Duchenne Muscular Dystrophy (DMD) is a progressive and life limiting muscle wasting condition affecting every muscle in the body. Its prevalence is 1 in every 3,500 male births, though it is possible for girls to have it too.
Children with Duchenne are born essentially healthy. However, their genetic makeup has a serious flaw meaning that they are unable to produce an essential protein, Dystrophin, needed to repair damaged muscle. Without Dystrophin the muscles simply waste away and are replaced with fat and scar tissue often giving the impression that the kids have huge calf muscles. By the time they are 5 year old children with DMD will already have lost around 30% of their muscles.
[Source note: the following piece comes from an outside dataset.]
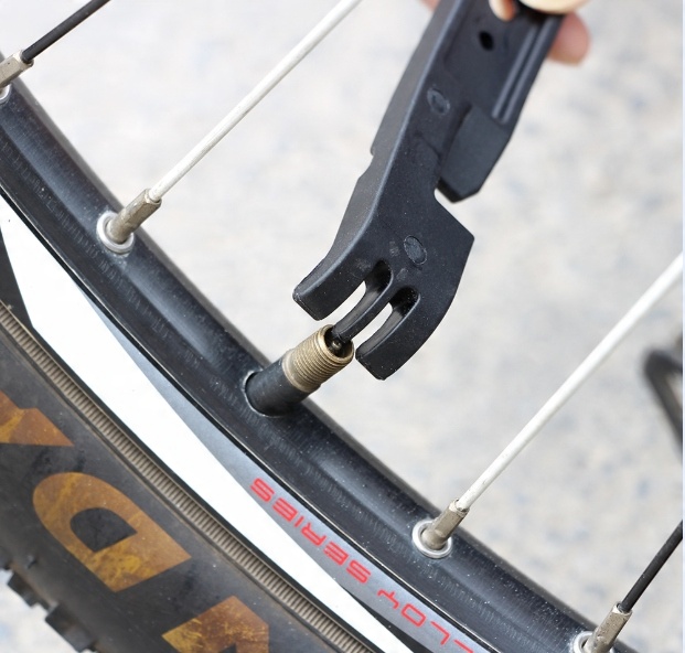 Можно использовать в качестве рычага для шин, клещей для цепи или для спуска воздуха из шин.
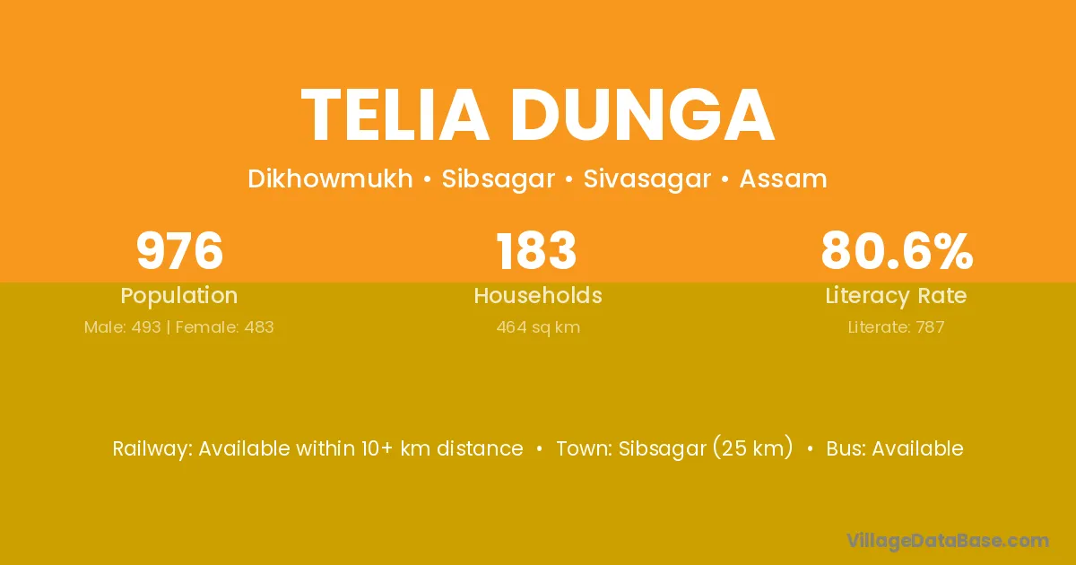 Sibsagar (25 km) is the nearest town to Telia Dunga village for major economic activities and is located approximately 25 km away.

While all children with DMD will progress at different rates, the prognosis is the same for all. Early symptoms include:
- Late to walk and/ or talk
- Difficulty getting up from the floor
- Difficulty climbing
- An inability to jump, hop skip or pedal a bike
- Difficulty using stairs
- A waddling gait
- Much slower than their peers
The progressive nature of the condition means that children will:
- Usually be wheelchair bound before they leave primary school
- Will lose upper body strength
- Will become unable to use their arms
- Will be dependent on ventilation as the respiratory muscles begin to fail
- Be at high risk of cardiac failure
While overall life expectancy for a child with DMD is 25-30, the Northern Ireland life expectancy is only 19 years old. This is entirely indicative of the poor care standards in Northern Ireland compared with the rest of the UK and beyond.
There are no treatments and no cures for DMD but we are close to having treatments for at least some DMD patients that may help to improve quality and length of life.